The first and most important thing to remember is that the difference between the rank tiers is currently very small. Consequently, every point gained/lost corresponds to an abnormally large change in the rank. What this means is the impact of every decision feels hugely inflated. If your low-owned player got a hat trick, you will be propelled up the rank table like a rocket. But, it is also means that you are one difficult Gameweek away from falling down a black hole.

According to Live Insight, the average FPL points total of someone ranked in the top 1m is 260.8, compared to 277.6 for a manager in the Top 100k. A difference of just 16.8 points. Between the Top 1k and Top 100k rank tiers, the difference is 25.1 points. This means there are just 41 points separating those in the 1m rank tier (generally considered to be a poor finish), from those in the illustrious and most celebrated rank tier of all.

As the season progresses, the gap between rank tiers widens, and it becomes progressively harder to make up lost ground but, in Gameweek 4, you are just a single hat-trick away from where you want to be.

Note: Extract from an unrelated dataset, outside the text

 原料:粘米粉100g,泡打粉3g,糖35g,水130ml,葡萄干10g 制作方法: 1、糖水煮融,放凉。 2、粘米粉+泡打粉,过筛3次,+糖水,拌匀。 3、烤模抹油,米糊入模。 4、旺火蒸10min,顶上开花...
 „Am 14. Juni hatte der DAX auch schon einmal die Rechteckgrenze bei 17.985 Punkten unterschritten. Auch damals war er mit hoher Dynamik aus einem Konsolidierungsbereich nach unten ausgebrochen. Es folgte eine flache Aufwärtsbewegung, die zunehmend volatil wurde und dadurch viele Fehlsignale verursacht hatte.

Likewise, those whose positions we envy are equally close to a major rank drop.

It’s still super early. There are 34 Gameweeks - including multiple blanks and doubles to come - to claw back points. A general ambition of being in and around the top 100k overall rank mark by Christmas remains my target [in order to be] on track for a top 5k finish, and is far more reflective than looking at ranks now. Everyone is super bunched when it comes to ranks and a 10-point swing could mean an increase or decrease in overall rank by (circa) 1 million places! - Matt Corbidge (6 x Top 10k finishes)

#2. Forget the past; how does your squad look now?

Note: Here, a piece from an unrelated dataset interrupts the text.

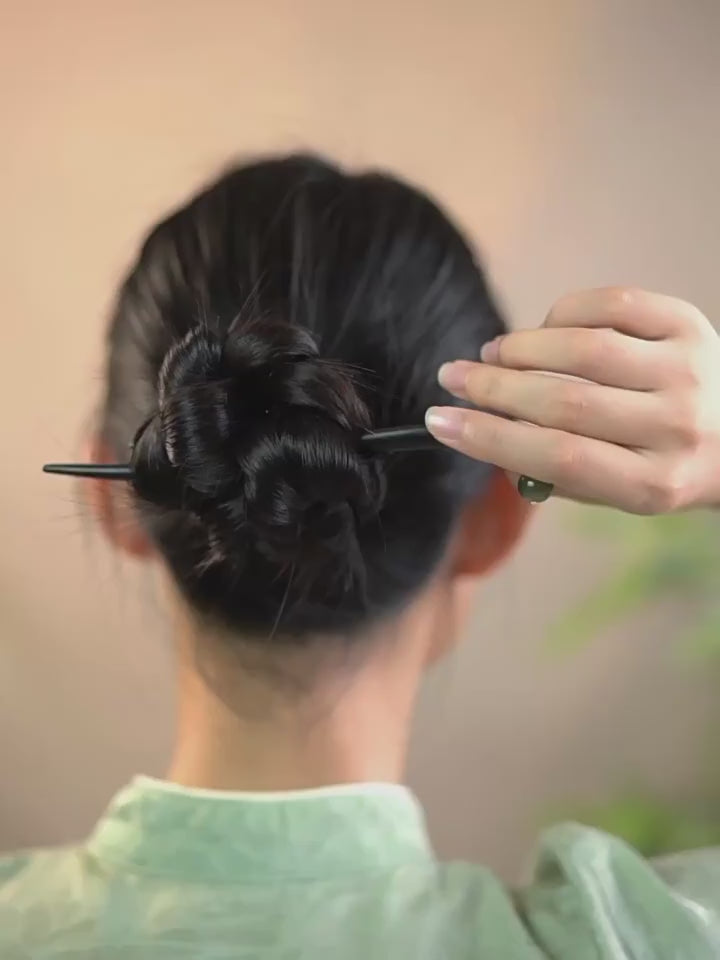 Adorn your hair with the grace of ancient royalty with this exquisite hairpin, featuring vibrant jade set in a delicate design that evokes the serene beauty of a forest in spring.

Another useful tip is to ensure you look forwards not backwards. Just ask the 526,000 managers who brought in Aston Villa’s Matty Cash (£4.6m) after his 17-point haul against Burnley, only for him to actually cost his new owners a point after a horror show at Anfield in Gameweek 4.

Sometimes the best thing to do is to accept that the points your rivals gained have now gone. You must draw a line in the season and focus on what is ahead. That is not to say we should ignore form - after all, good performances beget confidence - but a haul against a newly promoted team rarely translates into a big score against one of the Premier League’s top six the following week.

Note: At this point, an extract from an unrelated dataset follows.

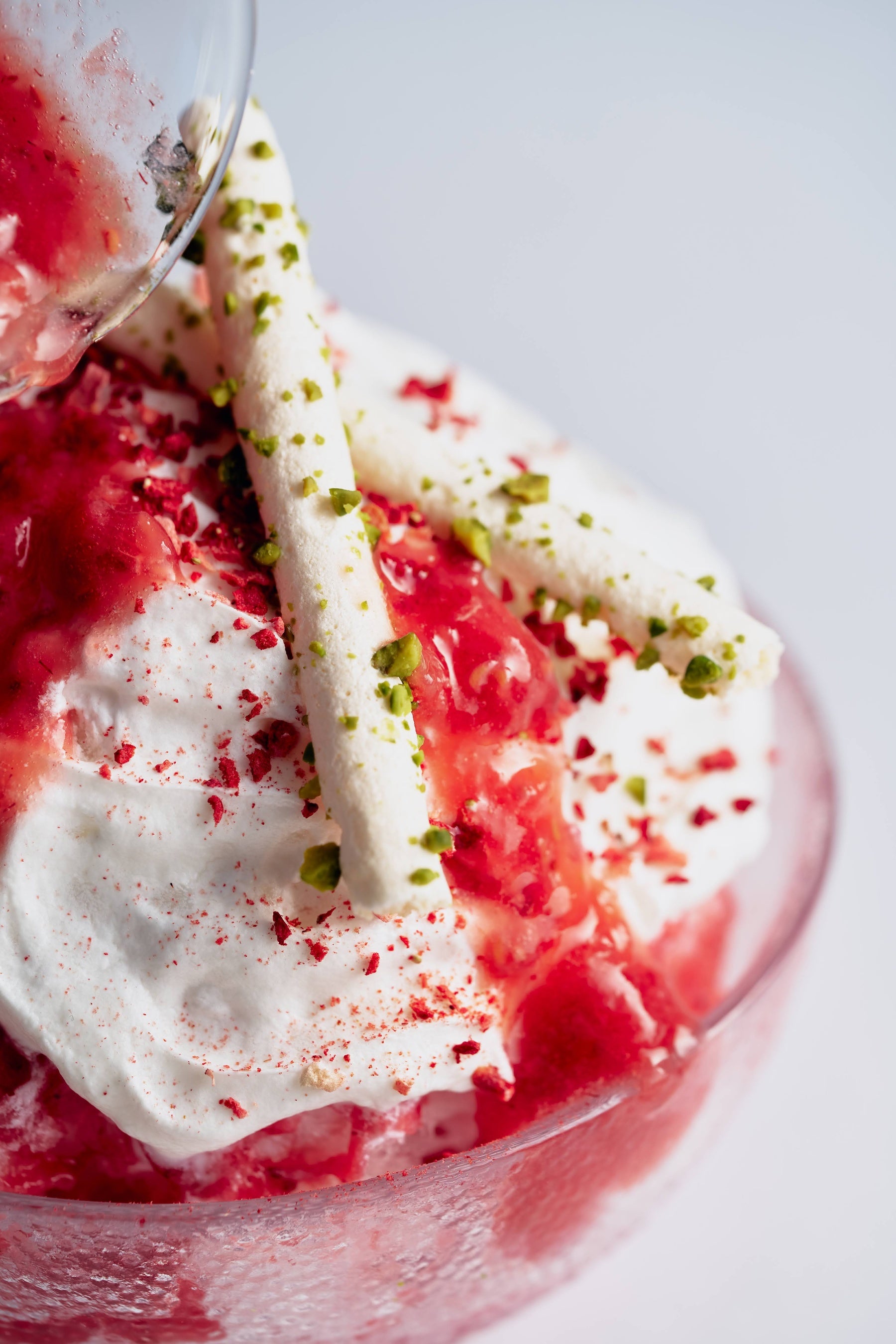 ふわふわの氷に練乳、そして苺とフランボワーズのコンポートソース。

Once you’ve engaged the rational part of your brain and started planning, you are able to focus on what’s ahead. It may be that while your rivals are ahead of you, they have done well due to an excess of short-term thinking, which is about to bite them. Possibly they have been so focused on Gameweeks 1-4, that their squad is in a mess for Gameweeks 5-8. Maybe they have already played some of their chips. Perhaps this will be the block of fixtures where you can overtake them?

It's worth having a think about where some of those 50/50 decisions backfired, and you can be the judge of whether it was a mistake or a bad beat. Either way, last week's point are gone and ain't coming back: the weeks ahead are those that count. Make sure you have an idea of how you want to be approach the game, and think your moves calmly through (it's far too early to panic!) and judge how and when you want to address the continuous change in fixtures. It doesn't guarantee a 10k finish, but it does make green arrows more likely than red. - Copenhagen Wednesday (4 x Top 5k finishes)

#3. Let the dust settle and start planning

The opening Gameweeks of any FPL season are all about acquiring knowledge. A Premier League season is always full of surprises. Managers (real life ones that is!) experiment with different tactical set ups, new signings join squads and displace seasoned players, while some established teams will struggle with a harsh run of opening fixtures.

Four Gameweeks is still a relatively small period from which to make any meaningful analysis of data, but it gives us a valuable glimpse into how things may pan out. If you are able to look at your squad and have a starting XI of players who get regular game time, and are not injured or suspended, then you can count this as a win, irrespective of your current rank.

Instead of focusing on where you are relative to others, focus on critically analysing the data. Have you made any genuine errors? Or have you just been unlucky? Chances are it is a combination of both. What are you going to do to improve your squad going forward? What are your priority areas of focus? Do you have a loose plan for when you will play your Wildcard? If so, what transfers will you make to maximise points up to that point?

I can safely say that I have made my worst start to an FPL season. I am last in our [the Elite XI] league, but a mere 40 points behind first, and I don't even think I have done much wrong. So I think the most commonly stated one-liner is "It's not how you start, it's how you finish". There isn't really much you can gain/lose with strategy calls at the start of the season, but this tends to kick in as the season progresses, especially with the deployment of chips and blank and double Gameweeks. - Phil Ampleford (2 x Top 1k finishes)

#4. Trust the process

The key thing at this stage of the season is to realise that FPL strategy is long term. Of course it is frustrating when you are wrong the side of a 50/50 decision. When your FPL asset has been playing well but not hitting the back of the net, yet the alternatives are getting goals from cheap deflections, it can make us want to pull out hair out. But four Gameweeks is a relatively short horizon. Who says, if left alone, your asset won’t match – or even beat! - his counterpart over the next four Gameweeks?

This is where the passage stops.